■ **Supplied information**:
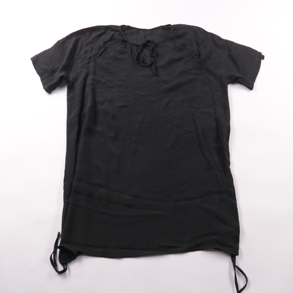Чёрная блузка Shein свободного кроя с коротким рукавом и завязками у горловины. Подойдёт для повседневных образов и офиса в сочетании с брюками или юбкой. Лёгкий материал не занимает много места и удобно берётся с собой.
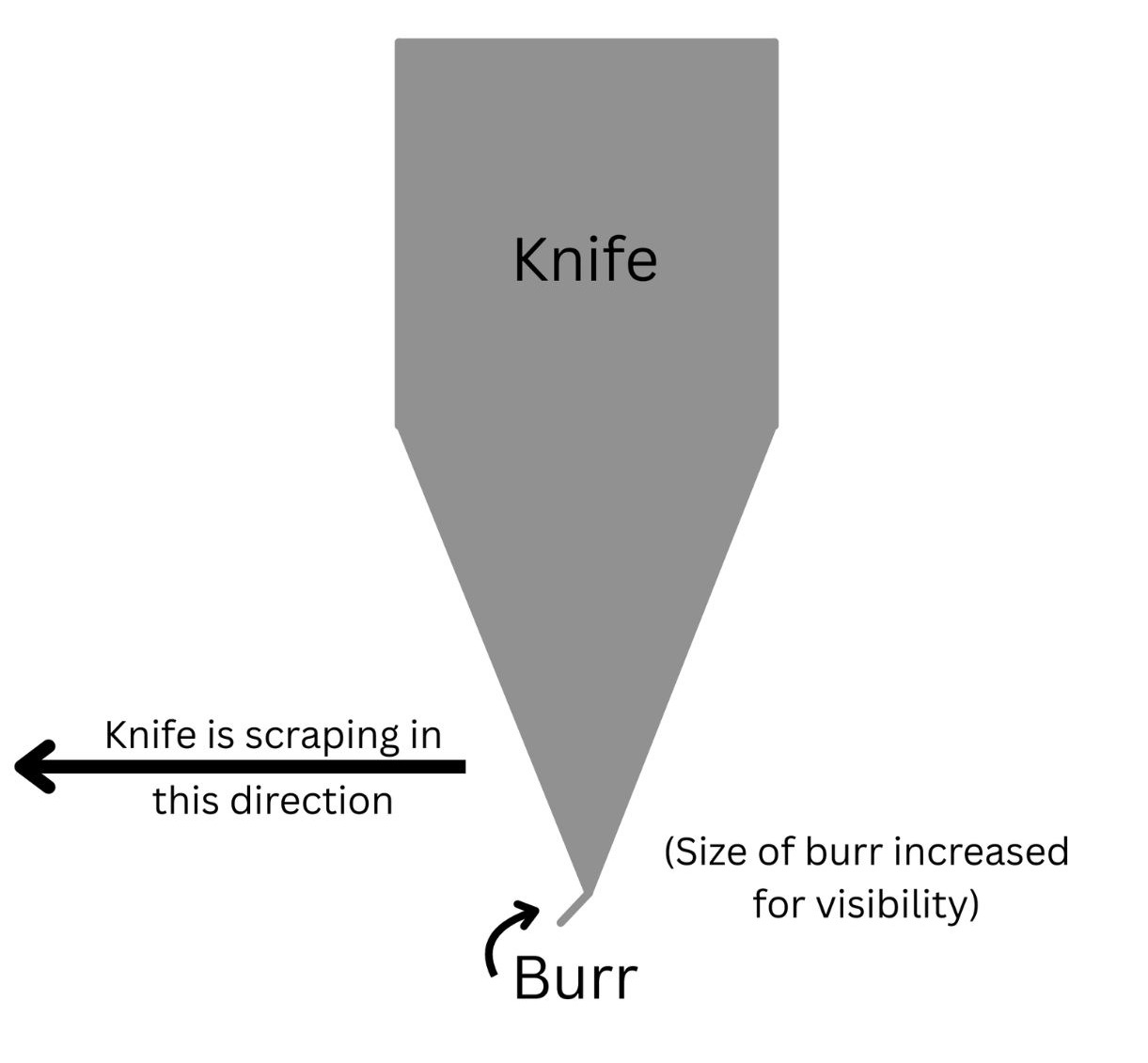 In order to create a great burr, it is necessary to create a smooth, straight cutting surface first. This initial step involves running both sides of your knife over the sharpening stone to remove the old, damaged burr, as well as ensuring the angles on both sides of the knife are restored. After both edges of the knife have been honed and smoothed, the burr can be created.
--
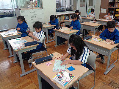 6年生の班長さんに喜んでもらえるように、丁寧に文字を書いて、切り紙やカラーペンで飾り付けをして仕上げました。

■ **Exercise prompt**: In the material above, one part opens with the line containing "Чёрная блузка Shein" and closes with the line containing "In order to". Write out that part exactly and skip its pictures.

■ **Answer space**:
Чёрная блузка Shein свободного кроя с коротким рукавом и завязками у горловины. Подойдёт для повседневных образов и офиса в сочетании с брюками или юбкой. Лёгкий материал не занимает много места и удобно берётся с собой.
 In order to create a great burr, it is necessary to create a smooth, straight cutting surface first. This initial step involves running both sides of your knife over the sharpening stone to remove the old, damaged burr, as well as ensuring the angles on both sides of the knife are restored. After both edges of the knife have been honed and smoothed, the burr can be created.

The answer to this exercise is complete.